Transparency is the prerequisite for responsibility.


9.4 Liability and demonstrability

In case of error, decisive questions are:

  • What was the expected state?

  • Which condition applied?

  • Why did the system react this way?

With implicit logic these questions are difficult to answer.

With a formal model:

  • assumptions are documented

  • decisions are justified

  • behavior is traceable

Demonstrability does not arise afterwards, but during modeling.


9.5 AI, code & responsibility

The use of AI in automation will increase:

  • in code generation

  • in optimization

  • in assistance functions

This raises a new question:

Who bears responsibility for generated behavior?

Selmo separates these levels clearly:

  • AI can generate code

  • AI can make suggestions

  • the model defines the allowed behavior

This means:

  • AI may implement

  • AI may optimize

  • AI may not decide what is permitted

The model limits the AI – and makes its use accountable.

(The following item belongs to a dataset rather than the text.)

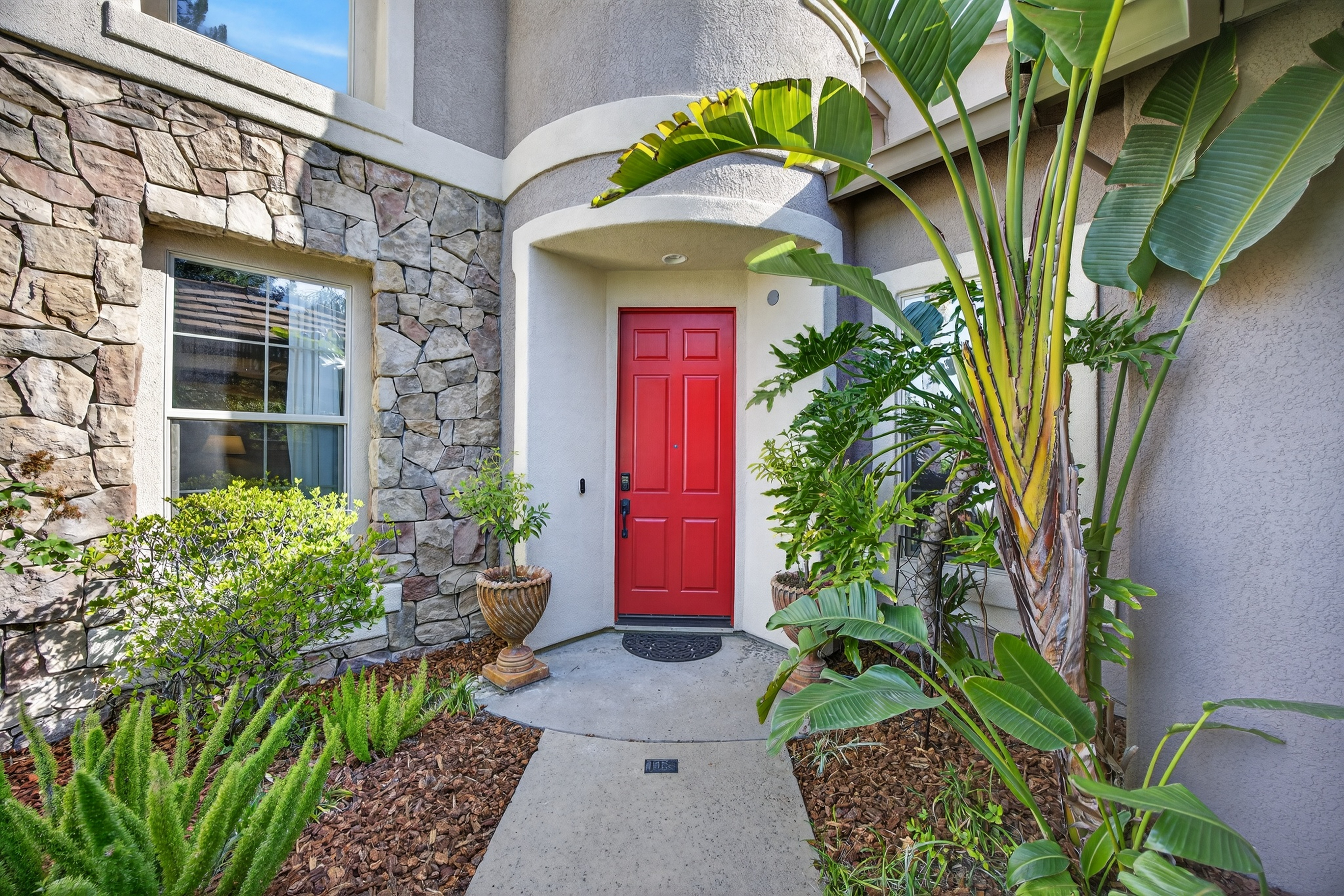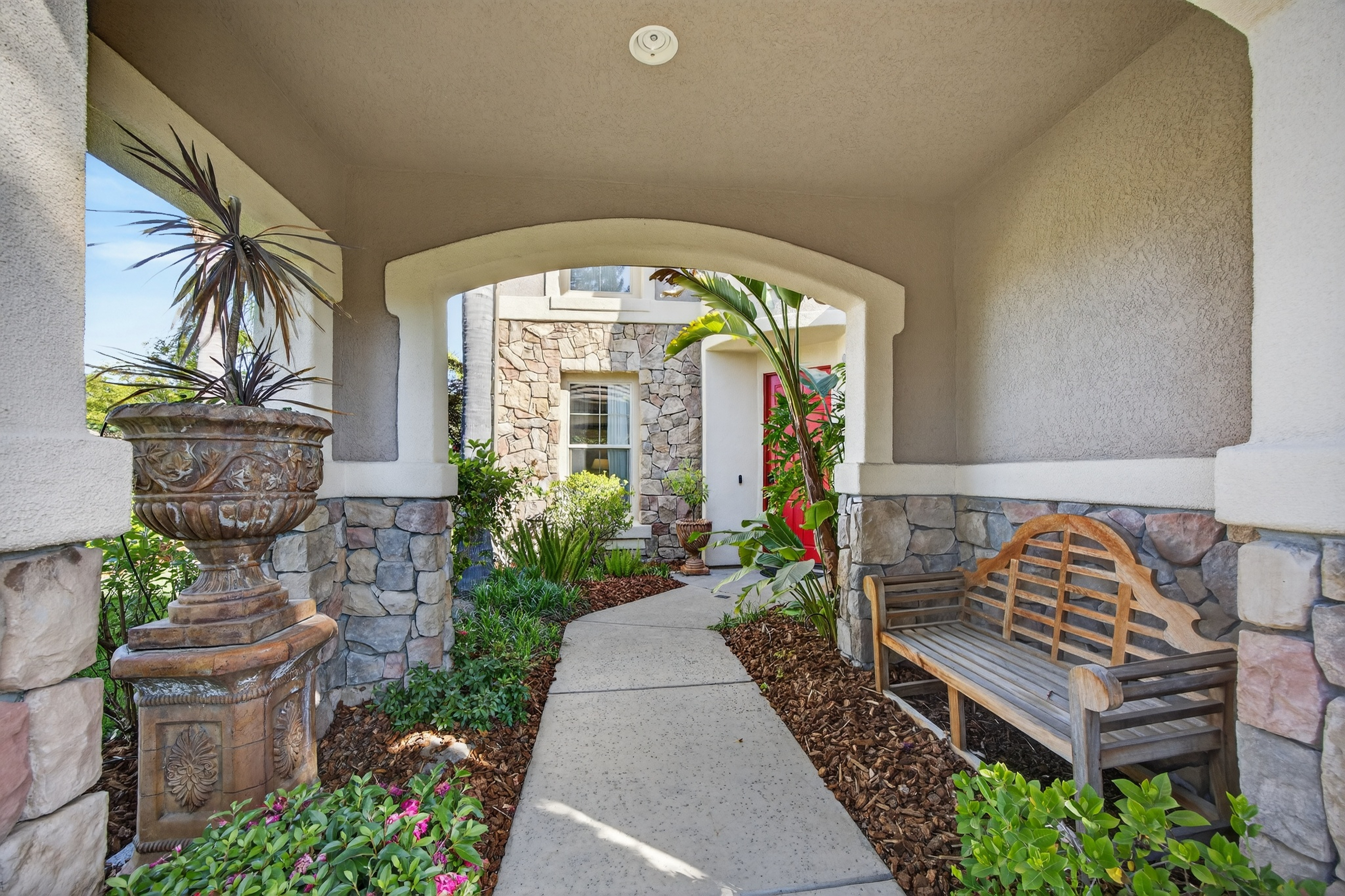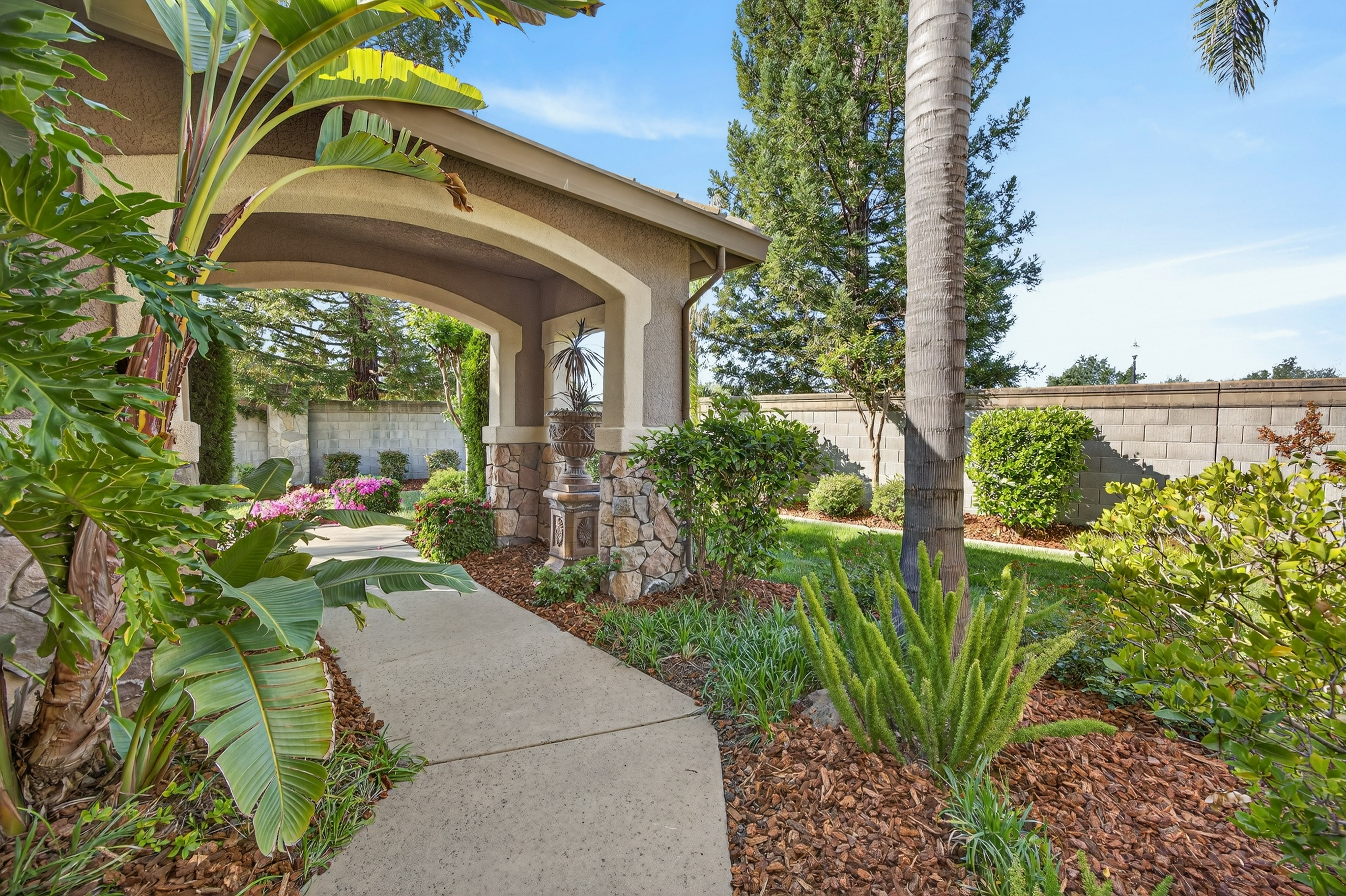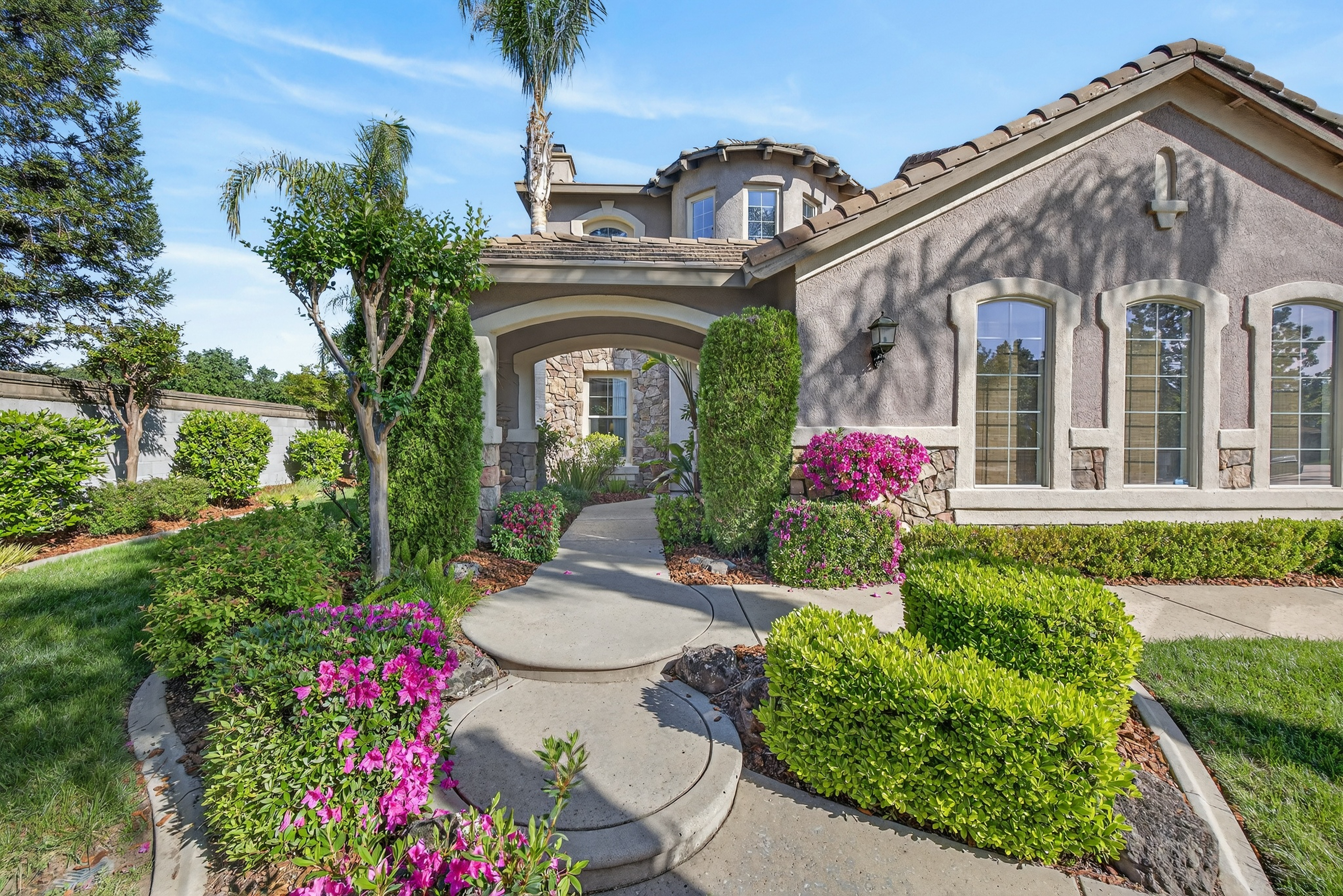 Privately situated within the gated enclave of Esquire at Crocker Ranch, a thoughtfully designed community with dual gated entrances enhancing both exclusivity and a quieter setting, this exceptional residence offers a seamless blend of elegance, comfort, and everyday luxury. Gracefully set on a meticulously landscaped 12,146 sq. ft. lot, the home spans 4,219 sq. ft. of refined living space, where pride of ownership is evident throughout. Natural light fills the interiors, highlighting a timeless aesthetic that feels both warm and elevated. Designed for both intimate moments and effortless entertaining, the main living areas flow with ease. A formal living room with soaring ceilings and a statement fireplace creates an inviting first impression, while the adjoining dining space is complemented by a versatile area ideal for a wine room, card lounge, or library. A private office offers a quiet and functional setting for work or relaxation. At the heart of the home, the kitchen serves as a central gathering place, featuring granite countertops, a generous island with bar seating, and a light-filled casual dining area. It opens seamlessly to the spacious family room, where a second fireplace creates a warm and connected atmosphere. A main-level ensuite bedroom provides flexibility for guests or multigenerational living. Upstairs, the primary suite offers a peaceful retreat with a sitting area and private balcony. Large windows frame calming views of surrounding trees, creating a serene backdrop. The spa-inspired bath features dual vanities, a soaking tub, an oversized walk-in shower, and two walk-in closets. One secondary bedroom includes an ensuite bath, while the others share a well-appointed hall bath. Outdoors, the backyard unfolds as a beautifully landscaped sanctuary, where mature palms and fruit trees surround a sparkling pool with cascading waterfalls. Backing to open space and scenic trails, the setting offers a sense of tranquility and natural beauty. Additional highlights include a three-car garage with epoxy floors, EV charger, low HOA that maintains front landscaping, and the added benefit of Roseville Utility Company services for enhanced efficiency. Ideally located near parks, expansive trail systems, shopping, and dining, and just moments from highly regarded Roseville schools, this home offers an exceptional balance of lifestyle, comfort, and refined living. This is a must see!

9.6 Future viability through model clarity

Systems that are explainable:

  • can be extended

  • can be tested

  • can be automated

  • can be accounted for

Selmo creates:

  • a stable foundation for new technologies

  • a clear boundary between human, model and machine

  • a robust basis for further development

The future is not created by more code, but by better models.


Summary

Selmo addresses not only technical complexity, but structural requirements of modern automation:

  • Standards require traceability

  • Responsibility requires transparency

  • The future requires clear boundaries for automation and AI

Selmo is a formal model for explainable, accountable machines – today and in the future.